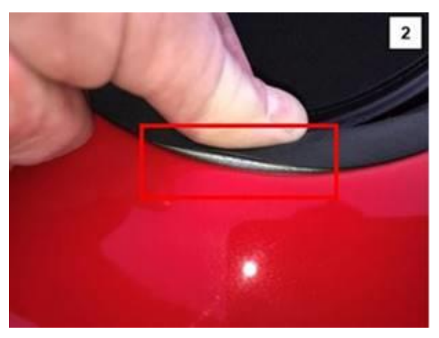
Figure 2. Checking the adhesion quality.

Press the seal downwards and inwards with your fingers until the adhesive tape for the seal is visible (Figure 2). The foam adhesive tape may be stretched but it must not be loose or detached from the roof panel to any degree.
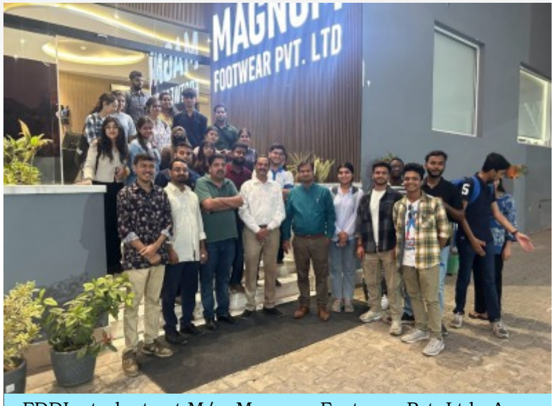
FDDI students at M/s. Magnum Footwear Pvt. Ltd., Agra

In concurrence, on 10th November 2024, the students of FDDI, Noida, under the industrial visit went to M/s. Magnum Footwear Pvt. Ltd., situated at center of Agra city, which was incorporated in 2010 with the motto of manufacturing high quality leather footwear.
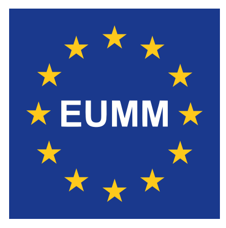
European Union Monitoring Mission in Georgia
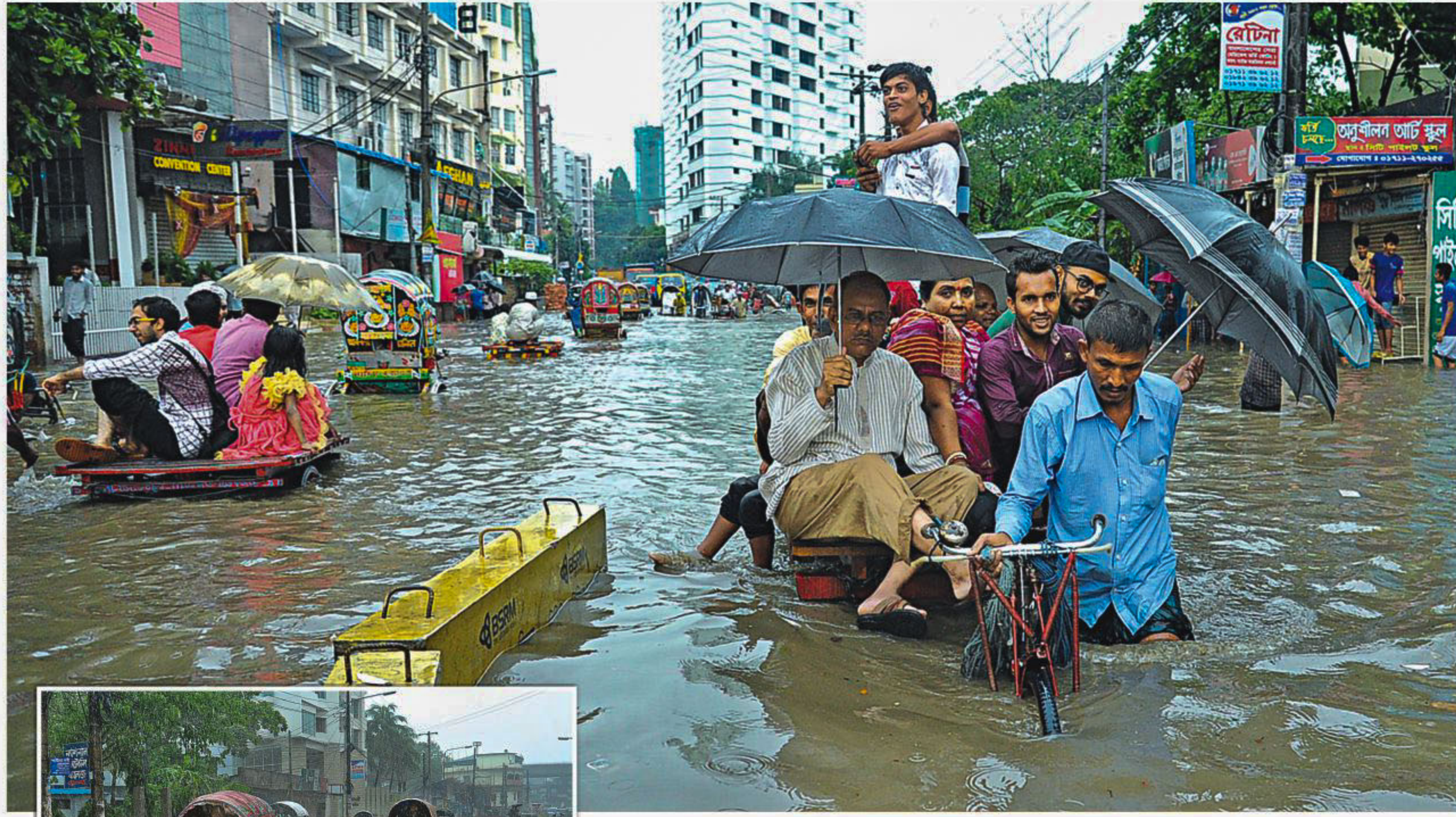
Rickshaws and vans push through waist-deep water at Sholoshahar in Chittagong yesterday morning. Hours of incessant rain led to waterlogging in many areas of the city, causing untold sufferings to people.

==*==

▶ [What is needed]:
Please output the listing above exactly from its first line through the line with "European Union Monitoring Mission in Georgia", both included, and nothing beyond that line. Omit pictures.

▶ [Written response]:
Figure 2. Checking the adhesion quality.

Press the seal downwards and inwards with your fingers until the adhesive tape for the seal is visible (Figure 2). The foam adhesive tape may be stretched but it must not be loose or detached from the roof panel to any degree.
FDDI students at M/s. Magnum Footwear Pvt. Ltd., Agra

In concurrence, on 10th November 2024, the students of FDDI, Noida, under the industrial visit went to M/s. Magnum Footwear Pvt. Ltd., situated at center of Agra city, which was incorporated in 2010 with the motto of manufacturing high quality leather footwear.
European Union Monitoring Mission in Georgia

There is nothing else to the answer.